Eine Ausübung der Ermächtigung zur Erhöhung des Grundkapitals
unter Ausschluss des Bezugsrechts kann in geeigneten Fällen
dann sinnvoll und erforderlich sein, um die Aktien der
Gesellschaft an einer Börse, an der die Aktien der
Gesellschaft bislang nicht notiert sind, öffentlich zum
Börsenhandel einzuführen. In diesem Fall kann der Ausschluss
des Bezugsrechts erforderlich sein, um insbesondere
ausländischen Investoren die Möglichkeit zur Zeichnung
einzuräumen. Dem trägt der Beschlussvorschlag Rechnung.
Ferner ist vorgesehen, dass das Bezugsrecht der Aktionäre
durch den Vorstand mit Zustimmung des Aufsichtsrats für die
Einräumung von Bezugsrechten an die Inhaber von
Wandelschuldverschreibungen, Wandelgenussrechten oder
Optionsrechten ausgeschlossen werden darf. Dieser
Bezugsrechtsausschluss kann erforderlich sein, um bei einer
Begebung von Wandelschuldverschreibungen, Wandelgenussrechten
oder Optionsrechten die Bedingungen der
Wandelschuldverschreibungen, Wandelgenussrechte bzw.

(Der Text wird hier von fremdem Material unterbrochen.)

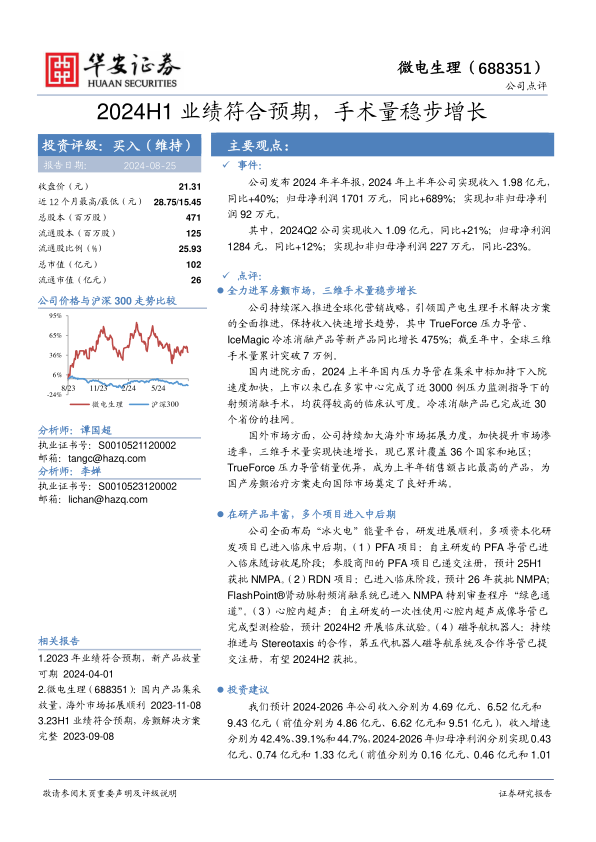 微电生理2024年上半年业绩表现亮眼,房颤市场拓展顺利,三维手术量稳步增长,新产品销售额占比提升,海外市场也取得积极进展。公司在研产品线丰富,多个项目进入临床中后期,有望在未来几年内陆续获批上市,为公司带来新的增长点。维持“买入”评级,但需关注新产品商业化、行业竞争格局和在研临床进展等风险。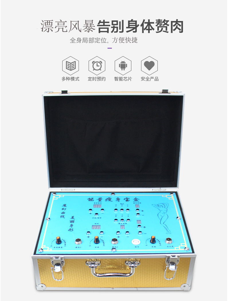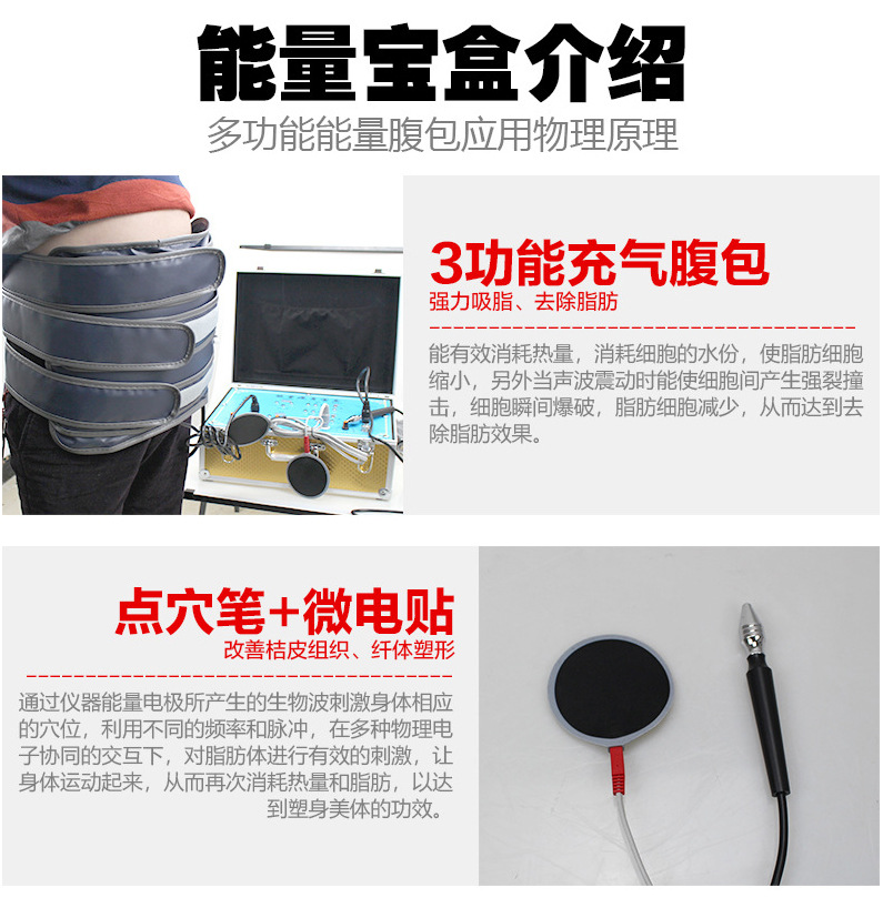 减肥霸王,月光能量廋身宝盒,经络减肥养生仪,带三功能腹包,充气+发热+微电穴位按摩,可以自动选择六种模式调节,配合减肥精油或者减肥膏效果。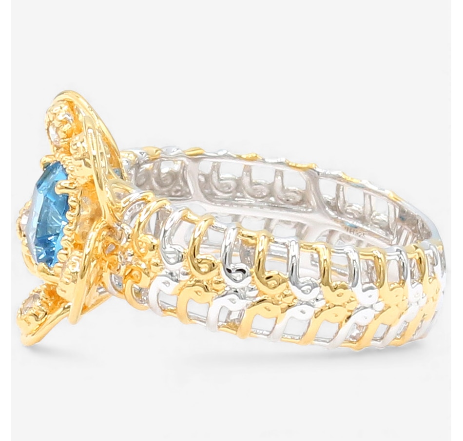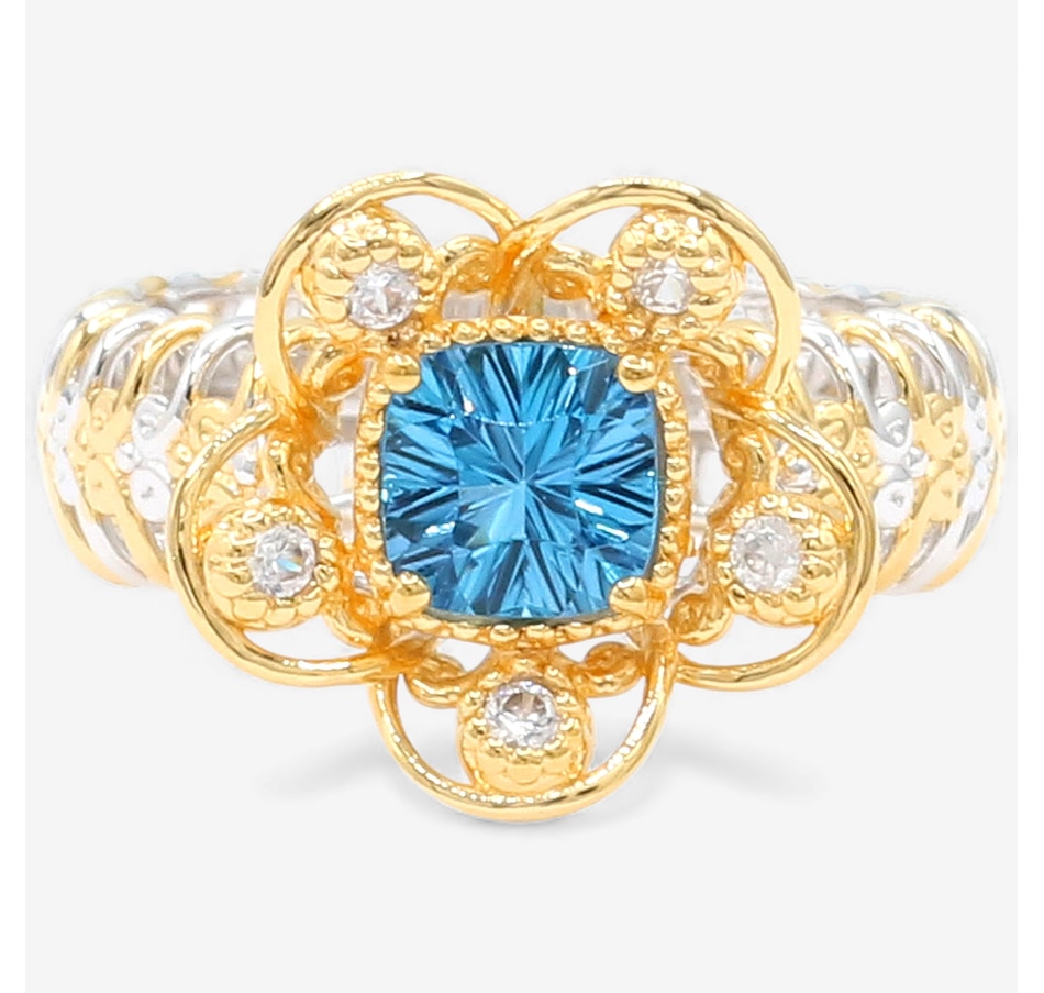 Add a pop of colour with this palladium silver ring from Gems En Vogue, featuring a dazzling Swiss blue topaz in a striking millennial cut. Sparkling white zircon accents enhance the design's brilliance, creating a look that’s both elegant and eye-catching. Finished with luxurious gold and rhodium plating, this ring adds sophistication to any ensemble. Made in Canada and nickel-free, it’s a timeless addition to your collection.

Optionsrechte so ausgestalten zu können, dass sie vom
Kapitalmarkt aufgenommen werden.
Schließlich soll das genehmigte Kapital unter Ausschluss des
Bezugsrechts auch eingesetzt werden können, um Aktien zur
Bedienung von Mitarbeiterbeteiligungsprogrammen generieren zu
können. Mitarbeiterbeteiligungsprogramme sind ein wichtiger
Faktor zur Gewinnung und Bindung qualifizierter Führungskräfte
an die Gesellschaft. Die Möglichkeit zur Durchführung einer
Kapitalerhöhung aus genehmigtem Kapital unter Ausschluss des
Bezugsrechts zur Bedienung von
Mitarbeiterbeteiligungsprogrammen ist dabei auf 10 % des
vorhandenen Grundkapitals beschränkt.
Vorstand und Aufsichtsrat halten unter Berücksichtigung der
vorstehend beschriebenen Umstände und Abwägung der
Unternehmensinteressen einerseits sowie der Aktionärsbelange
andererseits einen Ausschluss des Bezugsrechts in den
genannten Fällen für sachlich gerechtfertigt und für
angemessen.
Bericht des Vorstands über die Ausnutzung des Genehmigten
Kapitals 2013
Der Vorstand wird den Aktionären über jede Ausnutzung des
Genehmigten Kapitals 2013 jeweils auf der nachfolgenden
ordentlichen Hauptversammlung berichten.
8. Änderung von § 2 der Satzung der Gesellschaft:
Unternehmensgegenstand
Vorstand und Aufsichtsrat schlagen vor, den in der Satzung
niedergelegten Unternehmensgegenstand der Gesellschaft zu
erweitern.
Nach dem derzeitigen § 2 Abs. 1 der Satzung der Gesellschaft
ist Gegenstand des Unternehmens 'das Halten, Verwalten und die
Veräußerung von direkten und indirekten Beteiligungen an
Unternehmen und Beteiligungen aus dem Bereich der drahtlosen
Übertragungstechnologie sowie die Erbringung von
Dienstleistungen für Beteiligungsunternehmen'.
Diese Definition erweist sich als zu eng für die Gesellschaft,
um ihren Geschäften angemessen nachgehen zu können,
insbesondere was die Verfolgung neuer, zukunftsorientierter
Geschäftsfelder angeht. In dem sich rapide ändernden
Informationstechnologie-Sektor ist es von großer Bedeutung für
die Gesellschaft, schnell und flexibel auf sich ändernde
Marktbedingungen, verändertes Nachfrageverhalten der
Verbraucher und sich auftuende Geschäftsmöglichkeiten
reagieren zu können. Dies soll in Zukunft dadurch ermöglicht
werden, dass es der Gesellschaft erlaubt wird,
Geschäftsaktivitäten im gesamten Informationstechnologie- bzw.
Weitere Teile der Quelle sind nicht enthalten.